§ **DATA RECORDS**:
* * * *
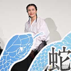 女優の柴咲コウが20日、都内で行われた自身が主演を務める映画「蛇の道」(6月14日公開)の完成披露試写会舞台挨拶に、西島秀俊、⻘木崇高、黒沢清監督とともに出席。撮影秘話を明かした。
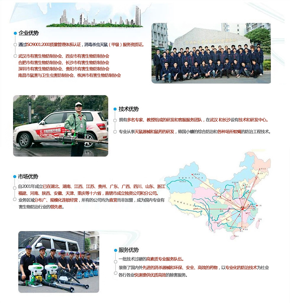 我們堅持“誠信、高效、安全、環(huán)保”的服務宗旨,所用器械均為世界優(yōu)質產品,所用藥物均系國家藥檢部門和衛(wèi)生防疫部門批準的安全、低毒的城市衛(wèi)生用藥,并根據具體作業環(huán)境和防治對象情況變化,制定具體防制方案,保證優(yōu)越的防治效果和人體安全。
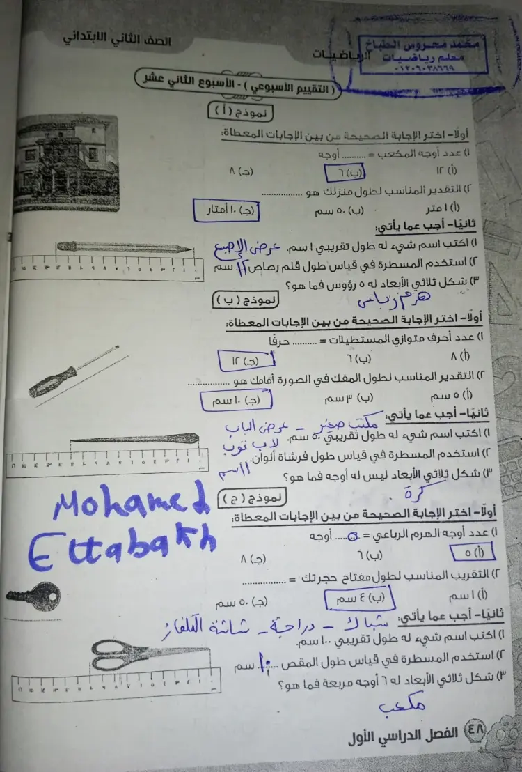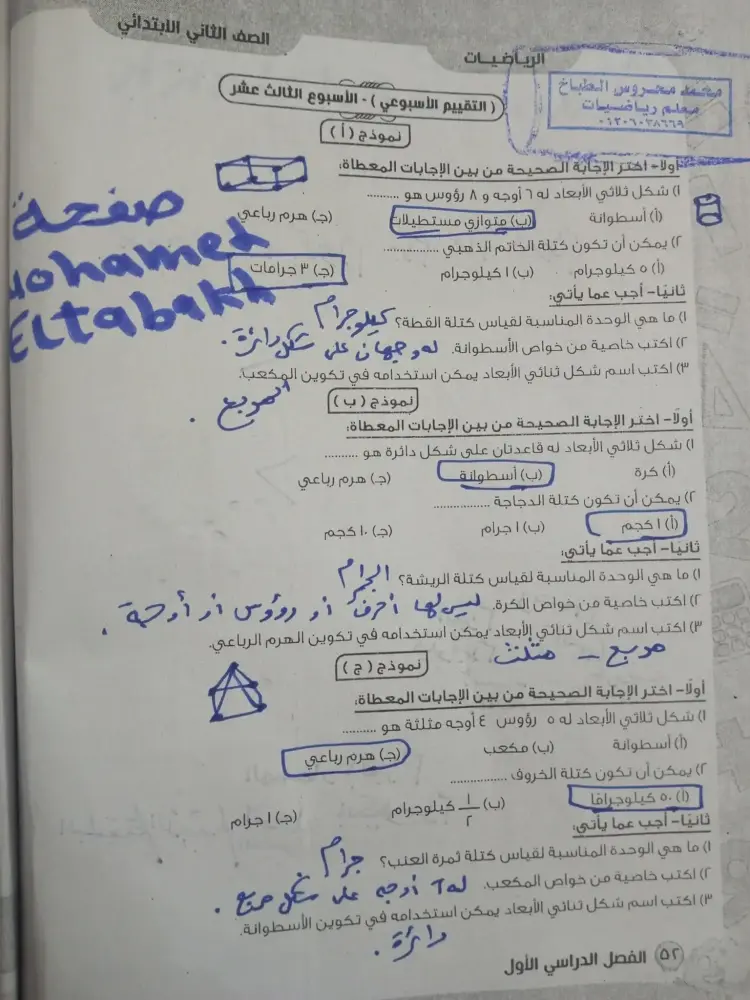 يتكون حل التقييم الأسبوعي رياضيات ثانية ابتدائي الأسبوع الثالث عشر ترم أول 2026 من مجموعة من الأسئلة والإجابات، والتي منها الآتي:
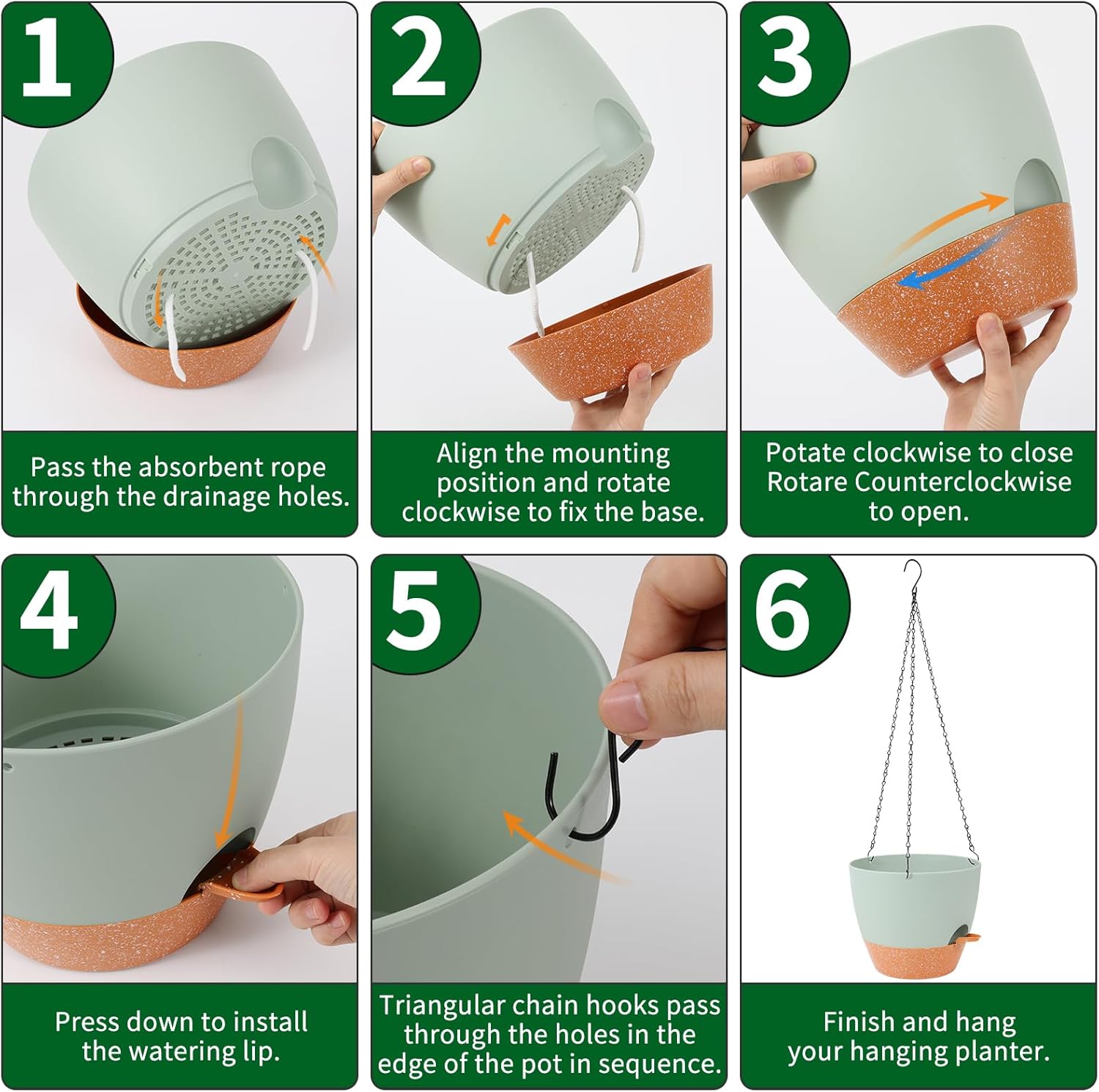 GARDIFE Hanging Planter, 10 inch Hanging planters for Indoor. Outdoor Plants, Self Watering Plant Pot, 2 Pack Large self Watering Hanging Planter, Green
* * * *
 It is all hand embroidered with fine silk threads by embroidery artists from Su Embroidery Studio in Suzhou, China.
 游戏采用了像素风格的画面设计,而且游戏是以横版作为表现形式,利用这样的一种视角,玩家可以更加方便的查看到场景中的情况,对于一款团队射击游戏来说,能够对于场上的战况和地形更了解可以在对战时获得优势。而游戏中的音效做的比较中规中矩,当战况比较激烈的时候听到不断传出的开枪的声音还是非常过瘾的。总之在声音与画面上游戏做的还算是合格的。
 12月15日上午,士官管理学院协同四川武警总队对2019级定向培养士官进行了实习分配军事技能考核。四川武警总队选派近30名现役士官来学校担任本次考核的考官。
* * * *
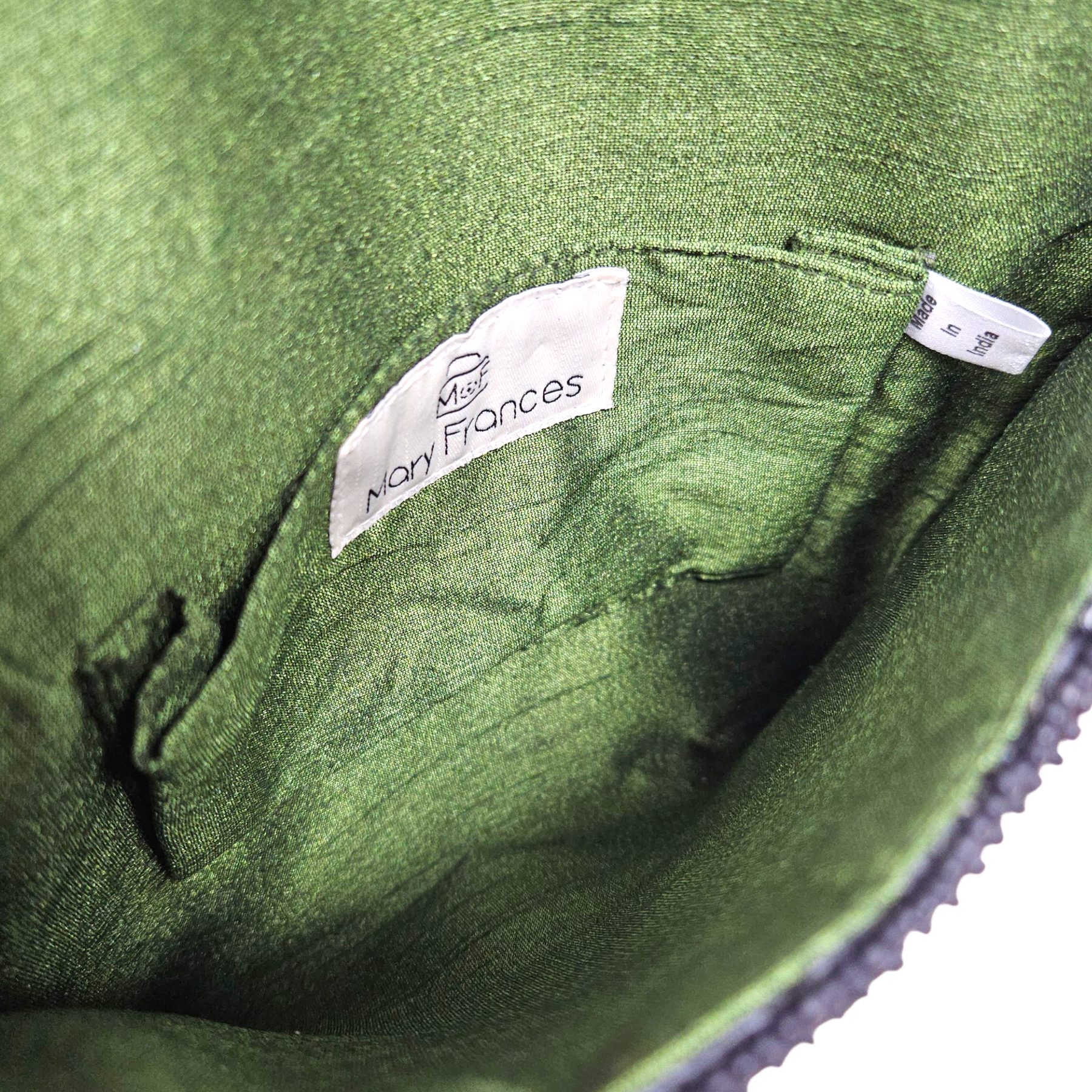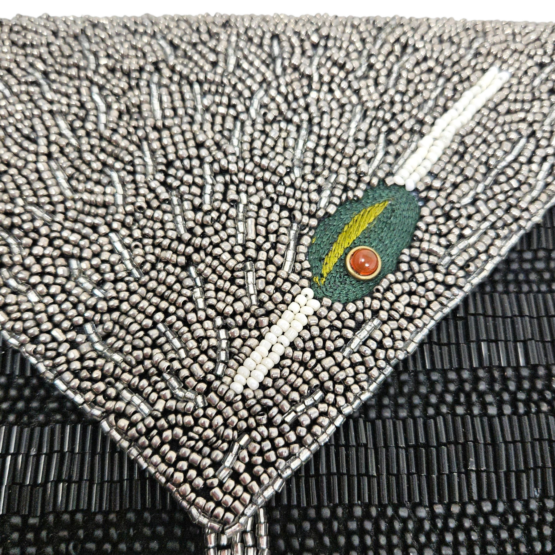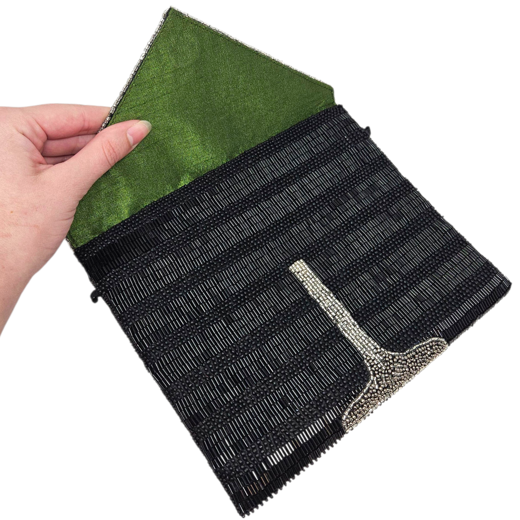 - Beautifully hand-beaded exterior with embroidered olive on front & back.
* * * *
§ **YOUR INSTRUCTIONS**: Transcribe the lines above between the line holding "游戏采用了像素风格的画面设计" and the line holding "12月15日上午,士官管理学", inclusive, exactly as they stand and with nothing added.

§ **EXERCISE ANSWER**:
 游戏采用了像素风格的画面设计,而且游戏是以横版作为表现形式,利用这样的一种视角,玩家可以更加方便的查看到场景中的情况,对于一款团队射击游戏来说,能够对于场上的战况和地形更了解可以在对战时获得优势。而游戏中的音效做的比较中规中矩,当战况比较激烈的时候听到不断传出的开枪的声音还是非常过瘾的。总之在声音与画面上游戏做的还算是合格的。
 12月15日上午,士官管理学院协同四川武警总队对2019级定向培养士官进行了实习分配军事技能考核。四川武警总队选派近30名现役士官来学校担任本次考核的考官。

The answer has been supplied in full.